トリックオアトリートって言ってみた(澤村遥)





「ふふ、どうぞ」

お揃いの小悪魔風コーデ&メイクをした遥ちゃんとホテルでハロウィンパーティー…とびきりの笑顔でお菓子を渡してくれるその姿が眩しすぎて思わず涙が出そうになる。ここは天国かな、仮装は悪魔だけど。

「じゃあ私もトリックオアトリート!お菓子をくれないと悪戯するよ?」

そう言ってがお、というポーズをする遥ちゃん。いちいち言動が可愛すぎて心臓がいくつあっても足りない。あざとい。これは小悪魔だ。私のチョイスは天才だった。対等な友達でいたいという遥ちゃんの思いは汲みたいけれど、自分の中に生まれてしまったクソデカ感情は止められない…せめて心の中だけでもただの遥オタクであることを許して欲しい。

「はい、遥ちゃん」
「わぁ可愛い…!素敵な包装もありがとう」

花が咲いたように微笑む遥ちゃんを脳内の一眼レフに収めつつ、合わせてにこりと笑う。

「ねぇ名前さん、写真撮ろう?」

それから撮影会が始まるんだけど、無自覚か努力の賜物なのかわからないが、遥ちゃんの写真写りが完璧すぎてしんどい。え、これ全部データに残るの…正気…?喜びとかそういうの通り越して恐れすらある。

こちらが被写体になったときは、「うん、いい感じ」 「名前さんすごく可愛い」 って褒めまくってくれるから、にやけ顔耐えるのが大変。

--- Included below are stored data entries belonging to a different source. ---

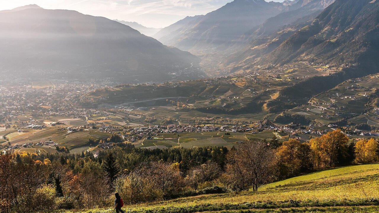 L'autobus vi porta a Verdins e, dopo la chiesa, l'escursione conduce attraverso il Wiesersteig e lungo il sentiero escursionistico che corre parallelo all'Hofweg fino a Pichler e poi a San Giorgio e Scena.
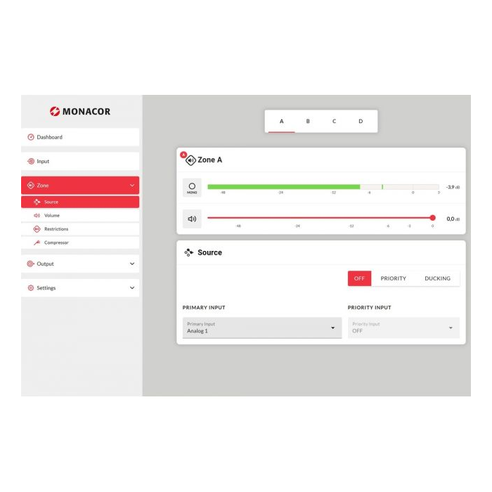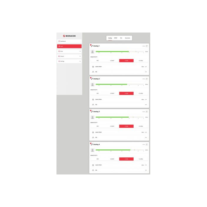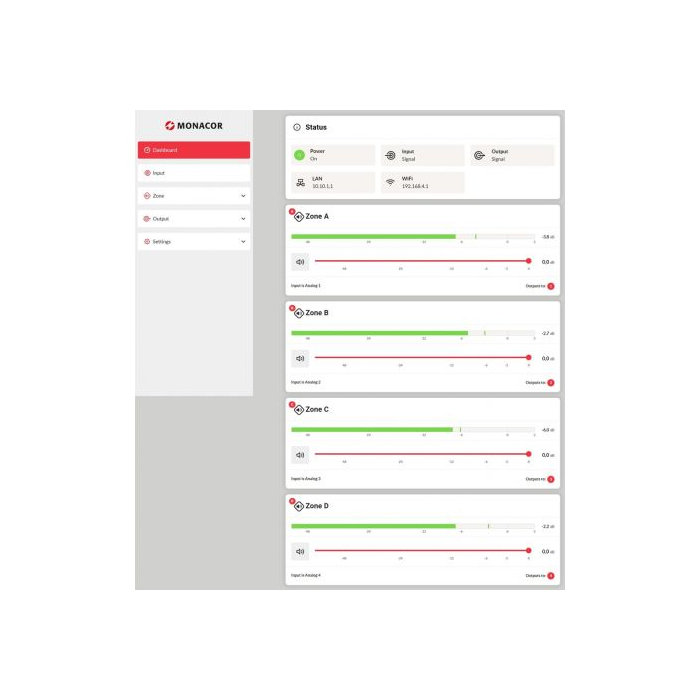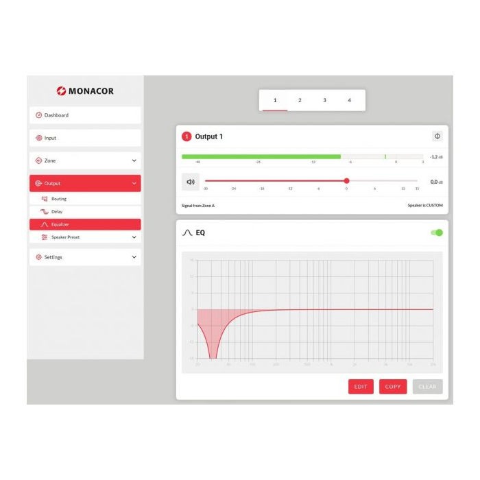 - Výkon a flexibilita: 4 x 125W na zónu (4/8 Ω) alebo 2 x 250W (100V) - prevádzka 100V alebo 4/8 Ω
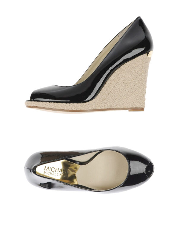 Détails : effet vernis, uni, open toe, semelle en caoutchouc, talon compensé, sans applications
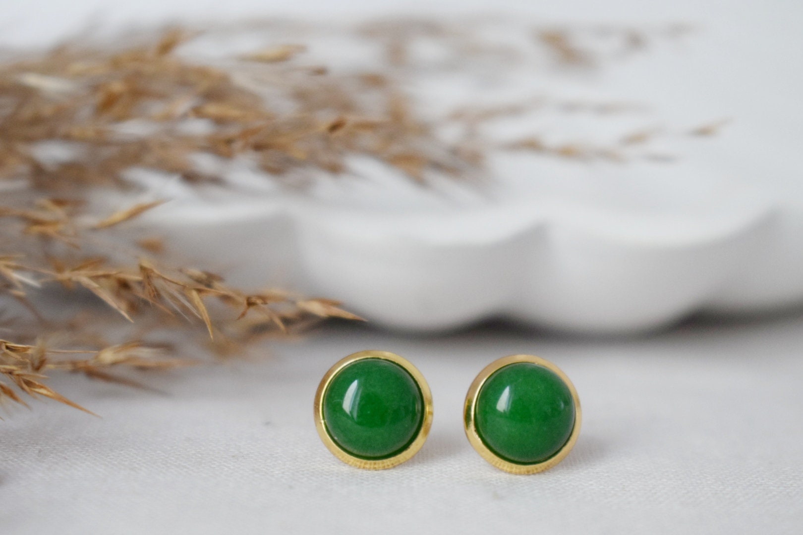 Green Jade Stud Earrings, 8mm Minimalist Gemstone Earrings, 18k Gold Plated Jewelry, Birthday Anniversary Gift For Her
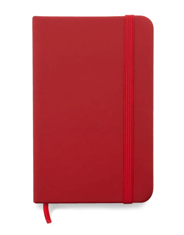 Gustowny notes A6 z kolorową gumką wykonany z materiału skóropodobnego (PU). Notes zawiera 80 kartek ecru w linie koloru pomarańczowego. Logo nadrukujemy na okładce.
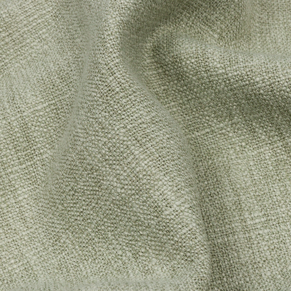 Take a crack at lush home decor projects with this British Imported Pistachio Soft Textured Recycled Polyester Drapery Woven. In a soft pale green, the weave takes on a linen-like appearance, giving it a softly slubbed hand. With an easy drape and no stretch, create dramatic drapes, pooling curtains, elegant swags, valances, or even light upholstery projects like throw pillows and upholstered headboards. Slightly translucent, a lining can be added to increase opacity.
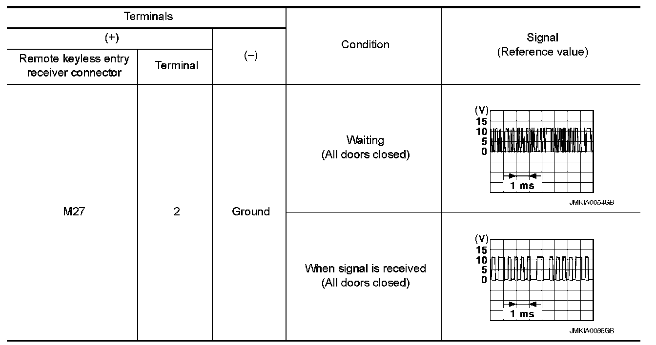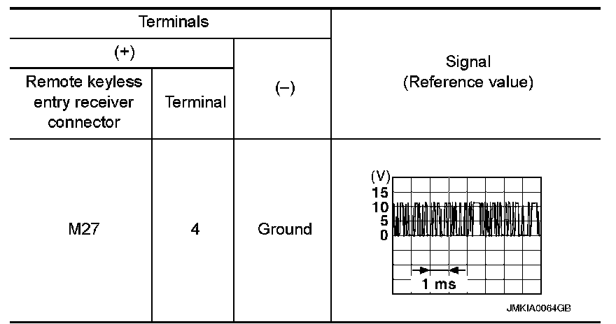 2.Check signal between remote keyless entry receiver connector and ground with oscilloscope.

ツーショットは遥ちゃんのアドバイスもあってか映える写真が撮れるんだけど、自撮りするときの緊張がやばい。

「名前さん、もう少しこっちに寄って?」

顔近…肌綺麗…睫毛長…匂良…好…語彙力消…

思わず遥ちゃんの方見ていると 「名前さん、カメラはこっちだよ」 とくすくす笑われて、とす、と胸に何かが刺さった…。

それからもお菓子を食べながらおしゃべりしたり、カラオケをしたりと最高の日々過ごす。いつか遥ちゃんに恋人が出来たら、こんなこともできなくなっちゃうのかな、と寂しくなったけれど、帰り際 「また来年、2人でハロウィンパーティーしようね」 と言ってくれた遥ちゃんを見て、先のことより一緒に過ごせる今を全力で楽しもうと思えた。